• INPUT RECORDS:
= Beginning of Section =
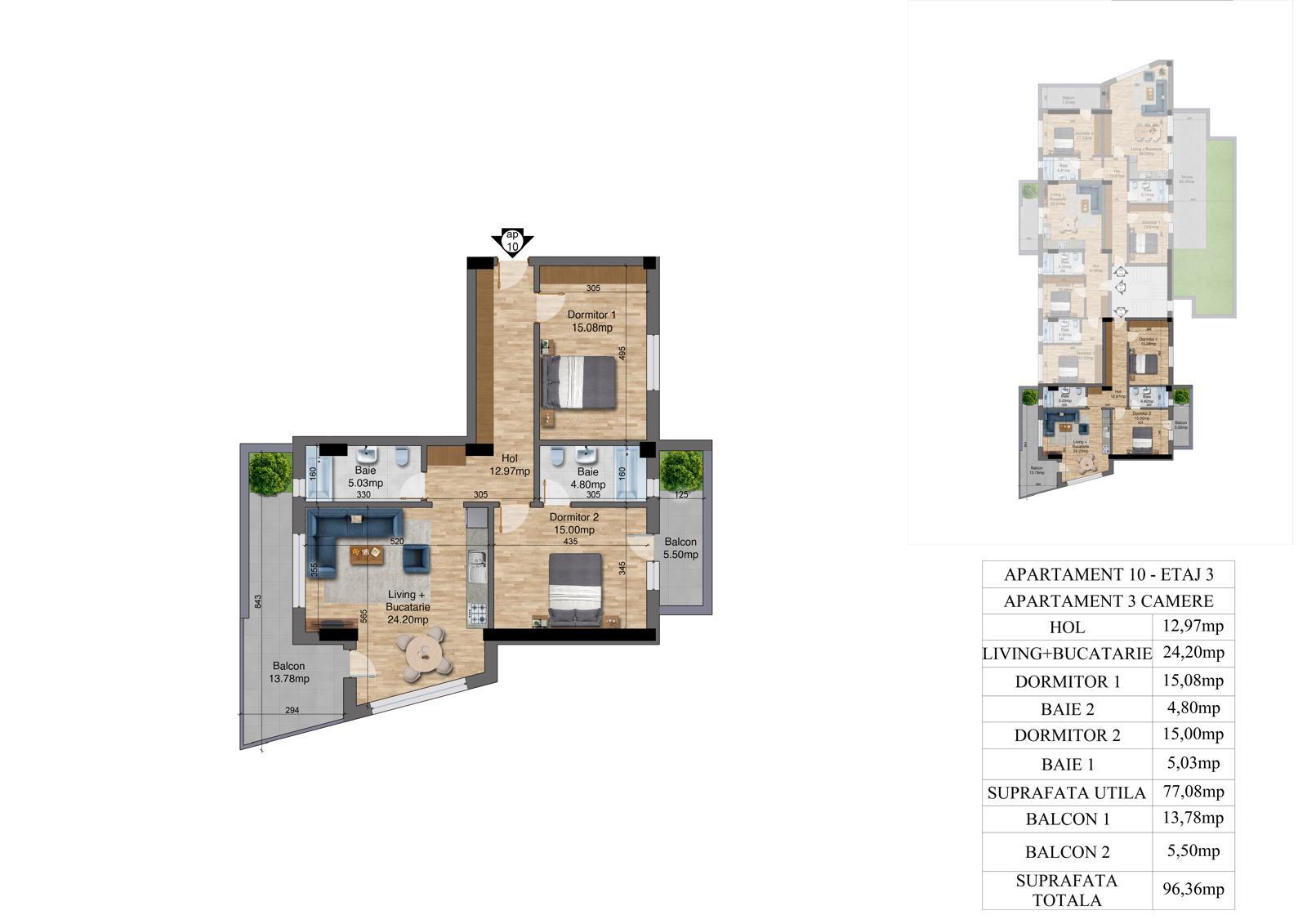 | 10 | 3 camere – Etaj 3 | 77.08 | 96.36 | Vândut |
= End of Section =
= Beginning of Section =
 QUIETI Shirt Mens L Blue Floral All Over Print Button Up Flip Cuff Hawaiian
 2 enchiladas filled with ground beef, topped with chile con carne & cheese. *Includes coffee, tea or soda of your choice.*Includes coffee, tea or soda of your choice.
= End of Section =
• EXERCISE:
Return only the lines between the one holding "QUIETI Shirt Mens" and the one holding "2 enchiladas filled", inclusive, exactly as they appear above.

• ANSWER:
 QUIETI Shirt Mens L Blue Floral All Over Print Button Up Flip Cuff Hawaiian
 2 enchiladas filled with ground beef, topped with chile con carne & cheese. *Includes coffee, tea or soda of your choice.*Includes coffee, tea or soda of your choice.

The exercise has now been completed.